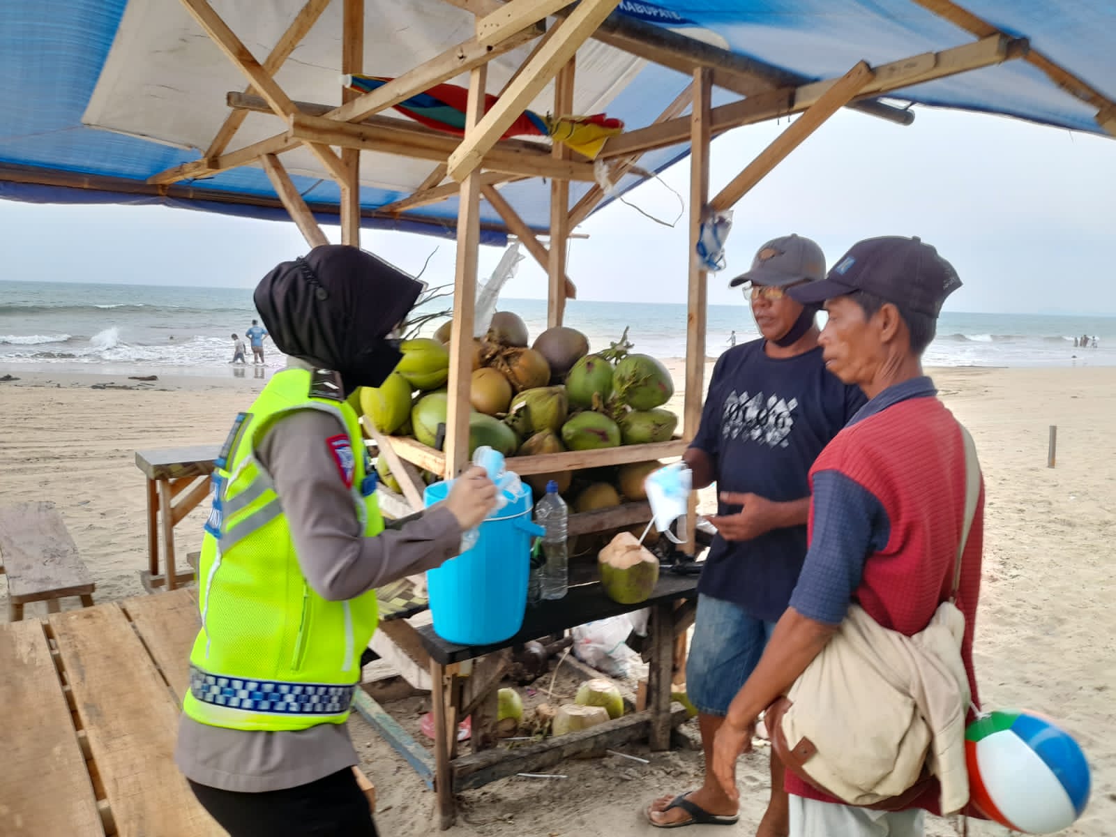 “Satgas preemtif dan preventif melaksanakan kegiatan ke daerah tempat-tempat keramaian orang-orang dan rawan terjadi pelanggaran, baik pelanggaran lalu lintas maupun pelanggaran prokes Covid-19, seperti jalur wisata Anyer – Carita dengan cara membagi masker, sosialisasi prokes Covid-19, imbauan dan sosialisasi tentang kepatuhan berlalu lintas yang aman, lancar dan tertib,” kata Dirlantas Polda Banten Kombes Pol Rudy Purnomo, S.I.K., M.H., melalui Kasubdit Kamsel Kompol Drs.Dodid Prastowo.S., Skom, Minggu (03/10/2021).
* * *
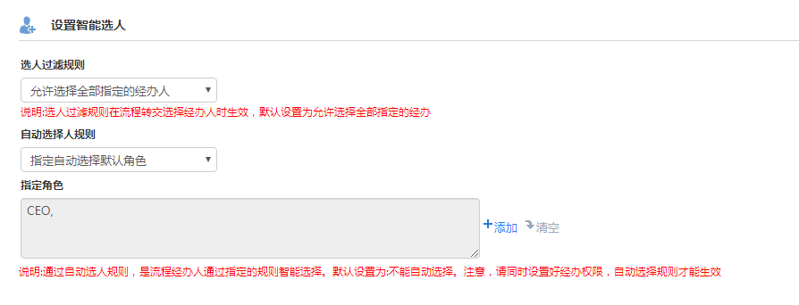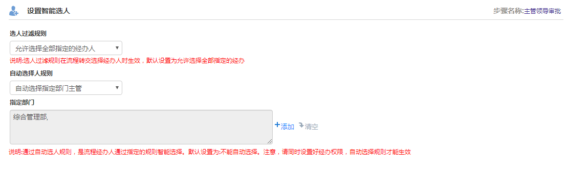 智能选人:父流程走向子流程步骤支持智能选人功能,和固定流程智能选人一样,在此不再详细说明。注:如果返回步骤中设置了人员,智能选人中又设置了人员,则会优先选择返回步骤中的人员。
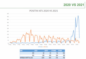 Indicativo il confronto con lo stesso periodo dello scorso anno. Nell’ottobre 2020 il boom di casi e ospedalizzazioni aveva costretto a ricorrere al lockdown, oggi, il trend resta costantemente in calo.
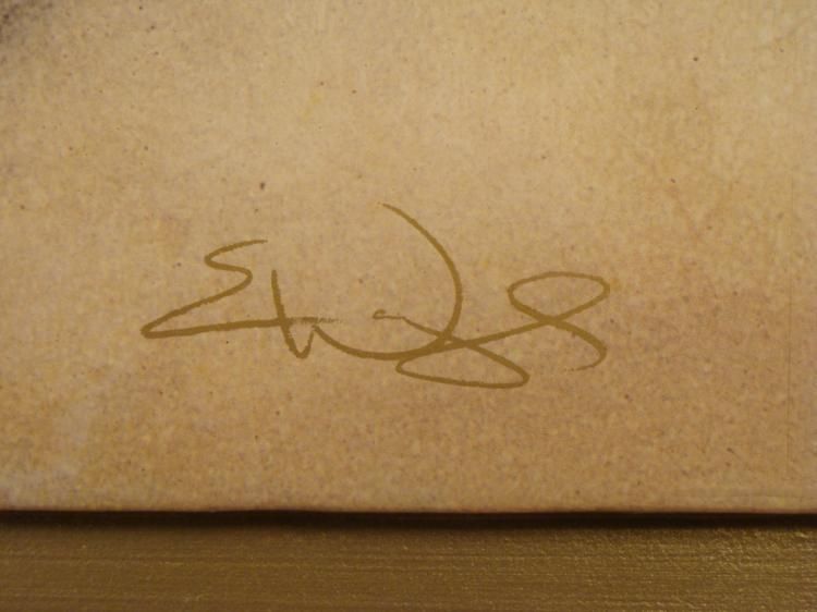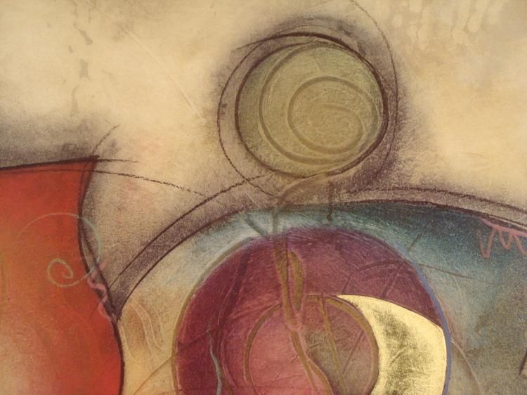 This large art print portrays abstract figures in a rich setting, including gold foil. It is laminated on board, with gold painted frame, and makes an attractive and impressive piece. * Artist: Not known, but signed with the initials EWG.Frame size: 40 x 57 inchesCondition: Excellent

(Prompt) Drop the pictures; return the lines above from the line containing "智能选人:父流程走向子流程步" to the line containing "This large art", both included, exactly.

(Answer to this exercise)
 智能选人:父流程走向子流程步骤支持智能选人功能,和固定流程智能选人一样,在此不再详细说明。注:如果返回步骤中设置了人员,智能选人中又设置了人员,则会优先选择返回步骤中的人员。
 Indicativo il confronto con lo stesso periodo dello scorso anno. Nell’ottobre 2020 il boom di casi e ospedalizzazioni aveva costretto a ricorrere al lockdown, oggi, il trend resta costantemente in calo.
 This large art print portrays abstract figures in a rich setting, including gold foil. It is laminated on board, with gold painted frame, and makes an attractive and impressive piece. * Artist: Not known, but signed with the initials EWG.Frame size: 40 x 57 inchesCondition: Excellent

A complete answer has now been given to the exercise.